BEGIN Exercise material

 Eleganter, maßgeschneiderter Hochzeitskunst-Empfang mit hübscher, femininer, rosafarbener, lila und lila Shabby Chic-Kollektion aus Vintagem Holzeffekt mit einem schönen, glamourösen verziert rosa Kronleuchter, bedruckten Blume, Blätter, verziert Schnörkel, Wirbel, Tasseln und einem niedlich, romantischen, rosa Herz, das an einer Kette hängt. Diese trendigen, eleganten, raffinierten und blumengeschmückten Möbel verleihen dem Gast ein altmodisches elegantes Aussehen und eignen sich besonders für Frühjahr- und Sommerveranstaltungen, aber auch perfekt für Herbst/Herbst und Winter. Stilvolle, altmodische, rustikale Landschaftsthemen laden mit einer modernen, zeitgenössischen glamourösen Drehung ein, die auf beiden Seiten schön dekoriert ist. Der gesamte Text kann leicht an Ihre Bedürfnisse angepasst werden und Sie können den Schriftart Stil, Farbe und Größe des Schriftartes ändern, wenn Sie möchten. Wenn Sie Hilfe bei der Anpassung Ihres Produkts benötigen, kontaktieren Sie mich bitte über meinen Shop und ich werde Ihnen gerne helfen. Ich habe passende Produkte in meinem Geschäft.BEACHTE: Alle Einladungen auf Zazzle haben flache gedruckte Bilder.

END Exercise material
BEGIN Exercise material

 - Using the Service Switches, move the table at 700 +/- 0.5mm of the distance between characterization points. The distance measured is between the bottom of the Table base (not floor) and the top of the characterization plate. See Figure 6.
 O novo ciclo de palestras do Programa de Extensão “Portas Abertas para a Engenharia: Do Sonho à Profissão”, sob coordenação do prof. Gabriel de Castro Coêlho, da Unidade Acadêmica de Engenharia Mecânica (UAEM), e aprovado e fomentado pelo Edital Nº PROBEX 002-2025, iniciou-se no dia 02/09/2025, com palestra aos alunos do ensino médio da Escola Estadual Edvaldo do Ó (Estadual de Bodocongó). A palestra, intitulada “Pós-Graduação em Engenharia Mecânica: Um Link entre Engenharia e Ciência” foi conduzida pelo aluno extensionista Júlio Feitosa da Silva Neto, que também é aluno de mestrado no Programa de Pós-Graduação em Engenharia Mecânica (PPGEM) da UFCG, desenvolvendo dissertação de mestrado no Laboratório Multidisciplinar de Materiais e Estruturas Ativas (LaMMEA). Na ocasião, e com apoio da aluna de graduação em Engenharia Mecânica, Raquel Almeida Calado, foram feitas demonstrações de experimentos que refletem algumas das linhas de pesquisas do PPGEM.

END Exercise material

*Work required*
Taking the material above, extract exactly and only the lines from the line with "- Using the" to the line with "O novo ciclo", inclusive of both.

*Result*
 - Using the Service Switches, move the table at 700 +/- 0.5mm of the distance between characterization points. The distance measured is between the bottom of the Table base (not floor) and the top of the characterization plate. See Figure 6.
 O novo ciclo de palestras do Programa de Extensão “Portas Abertas para a Engenharia: Do Sonho à Profissão”, sob coordenação do prof. Gabriel de Castro Coêlho, da Unidade Acadêmica de Engenharia Mecânica (UAEM), e aprovado e fomentado pelo Edital Nº PROBEX 002-2025, iniciou-se no dia 02/09/2025, com palestra aos alunos do ensino médio da Escola Estadual Edvaldo do Ó (Estadual de Bodocongó). A palestra, intitulada “Pós-Graduação em Engenharia Mecânica: Um Link entre Engenharia e Ciência” foi conduzida pelo aluno extensionista Júlio Feitosa da Silva Neto, que também é aluno de mestrado no Programa de Pós-Graduação em Engenharia Mecânica (PPGEM) da UFCG, desenvolvendo dissertação de mestrado no Laboratório Multidisciplinar de Materiais e Estruturas Ativas (LaMMEA). Na ocasião, e com apoio da aluna de graduação em Engenharia Mecânica, Raquel Almeida Calado, foram feitas demonstrações de experimentos que refletem algumas das linhas de pesquisas do PPGEM.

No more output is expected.